Some form of F&I presentation software or a menu is crucial to get this metric to the higher end of the range. Low Products Per Retail could indicate that the manager is not using the menu properly, is giving up too easily, needs more product knowledge, needs work on objection handling, and is not satisfying needs, amongst a myriad of other possible maladies. This topic alone could be the basis for an entire article.
Next in the hierarchical priority list would be our core "wealth creation" products that are often reinsured and are hot button products for the dealer: service contracts and GAP. We all love our ancillary offerings, but if the dealer is not ceding premium into his reinsurance company, it doesn't matter how many ancillary products he's selling, he'll accuse them of cannibalizing his core products.
Look at service contracts sold PER RETAIL to raise the bar on VSC penetrations. Too many dealerships are only selling service contracts on finance deals and are not looking at leases as opportunities to sell a service contract. We need to fix this - it's happening almost everywhere.
Lastly, having at least a 25% VSC penetration on cash deals is a goal worthy of our serious training efforts. VSC penetration on cash deals is a solid indicator of just how good a finance manager really is at selling service contracts and how hard he is trying.
A great way to raise PVR quickly is to identify producers that have low GAP penetrations. GAP is relatively inexpensive and should be an easy sell to the majority of finance customers. Teaching the producers to use graphical representations of the impact of negative equity seems to work best here, as humans are a visual people.

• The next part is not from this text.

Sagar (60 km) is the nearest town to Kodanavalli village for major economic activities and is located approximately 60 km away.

Having near real-time data on penetration statistics will allow your agency to be laser focused on rounding out the F&I profit portfolio. If the dealership is doing a great job on capturing finance, plus selling service contracts and GAP, then PVR is already headed in the right direction. The next opportunity will be in developing a solid mix of ancillary offerings that provide an ownership enhancing experience to the customer while adding incremental PVR to the total profit picture.
Watch penetration stats closely on ancillaries. If there is a dud product, is it the product or the F&I managers? Should a dealer even offer a product that doesn't get over 20% penetration?

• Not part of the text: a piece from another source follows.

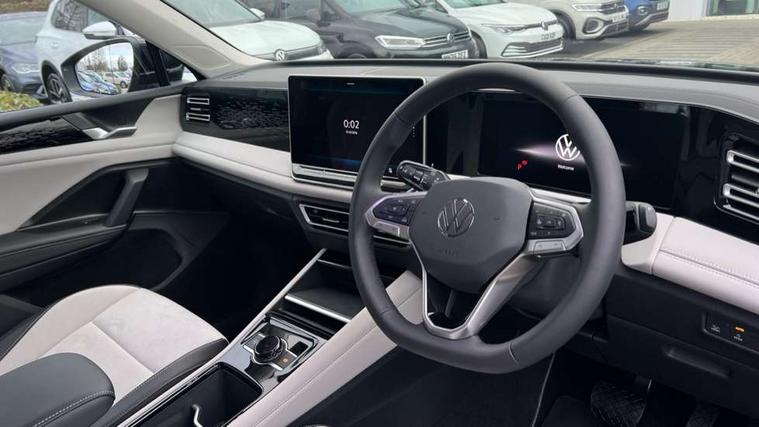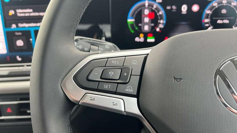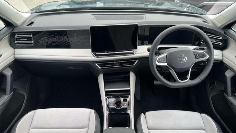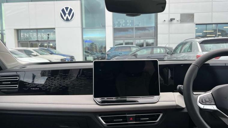 Adaptive cruise control (ACC), Advanced driver attention and drowsiness monitor, Bluetooth mobile phone interface, Car2X technology, Comfort drive travel assist, lane keeping system, lane assist and emergency assist, Digital Cockpit Pro - 10.25" high resolution dash display screen with customisable menus and information, Dynamic road sign display, E-Sim card for online connectivity, eCall emergency call service, Front Assist - Autonomous emergency braking with pedestrian and cyclist monitoring, Lane change system, Side assist, Rear traffic alert and Exit warning system, Multifunction front facing camera, Oncoming vehicle braking when turning including swerve support, Park assist pro with park distance control (Remote park assist), Power assisted steering with speed sensitive, Start/stop system with regenerative braking, Warning signal and warning light for front and rear seatbelts not fastened, Wireless App-Connect, Adaptive chassis control DCC pro includes driving mode selection, Charging cable Mode 3 Type 2 / 3 (16A), Front shock absorption, Front wheel drive, Rear shock absorption, Digital radio reception (DAB), Diversity antenna for FM reception, Air intake with Chrome trim, Ambient lighting with logo projection, Auto dimming interior rear view mirror, Automatic headlight control system, Body colored bumpers in R-Line style, Body coloured door handles, Body-coloured exterior mirror housings, Chrome moldings on the side windows, Coming/leaving home lighting function, Heat insulating glass in side and rear windows, Heated rear window, Heated windscreen washer jets, High level 3rd brake light, Illuminated door handle recesses, Illuminated lightline between headlamps, Laminated safety glass from B-pillar backwards 90% tinted, Laminated safety glass windshield, LED Day time running light, Rain sensor windscreen wipers, Rear fog light on one side, reversing light on both sides, Rear side wing doors, Rear wiper, Silver roof rails, 12V outlet in center console rear and in luggage compartment, 12V socket in centre console, 3 bench rear seats in 2nd row, Air care climatronic 3 zone air conditioning system with rear air conditioning control panel, Carpet mats, front and rear, Centre console with illuminated storage compartment with sliding cover and two drinks holders, Ceramique headlining, Chrome elements on the mirror switch and power window switches and door pulls, Door and side trim panel with leatherette insert, Door sill protectors, Front centre armrest, Interior ambient lighting with 30 colour options, ISOFIX anchors for child seats on outer rear seats and front passenger seat compatible with i-Size, Mechanical rear seat release, Power adjustable lumbar support in front, Rear bench seat, split folding, longitudinally movable and folding with load-through hatch and centre armrest, Safety optimised front head restraints, Single front passenger seat, Sports comfort seats in front, Sun visors with illuminated vanity mirrors, Three rear head restraints, Variable luggage compartment floor, Comfort package with park assist plus and Safelock - Tiguan, Driver assistance package - Tiguan, 3 point seat belt for centre rear seats, 3 Point seat belts in front with pretensioners, 3 point seatbelts in outer rear with ECE label, Driver and front passenger airbag with front passenger airbag deactivation, Electronic parking brake with auto hold, Front and rear curtain airbags, Front and rear side airbags, Front centre airbag, Front disc brakes, Hill start assist, Manual child proof rear door locks, Rear disc brakes, Two tone horn, Warning triangle, Decorative inserts Cross in dash and front door panels, Interior door handle in matte chrome, Soul instrument panel, Tyre mobility kit including compressor and sealing foam,

These are tough questions. Encourage your dealers to try something new if the right people are in place and they are properly trained and executing, but the results still don't measure up. The menu is a valuable piece of real estate and we should be maximizing every inch of it.

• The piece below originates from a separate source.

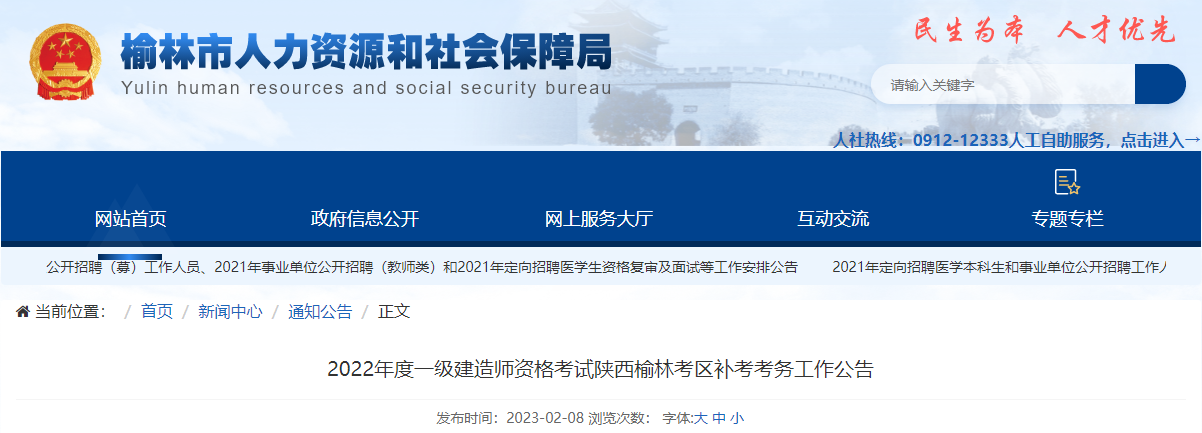 原文标题:2022年度一级建造师资格考试陕西榆林考区补考考务工作公告

One area that dealers should focus on and software reporting providers could assist is what has historically been called the "Time Sales Analysis", or summary of lender activity.
To make the point, what would the answers be if you asked a finance director, "Through which lender does your dealership make the best overall rate spread? Which lender has the highest VSC penetration? Do you have a ranking of your lenders by number of deals booked, total back-end dollars earned, and VSC penetration as it relates to FICO score?"
If you get a blank stare, then having the ability to access this type of info at a glance will help your dealerships better manage their banking relationships, while making sure they are rewarding the right lenders with their business.
Failure to recognize the relationship between pay plans and performance without a near real-time way of managing the two will only lead to disappointment when a finance manager misses a bonus level by a small margin.
Thankfully, our industry is maturing when it comes to data analysis and reporting, and it is a cornerstone of dealer development to manage expectations and reward exceptional production. These are technologically exciting and economically challenging times we live in. Utilizing accountability tools to set our agencies and our clients up for success could be the difference between the winners and the losers.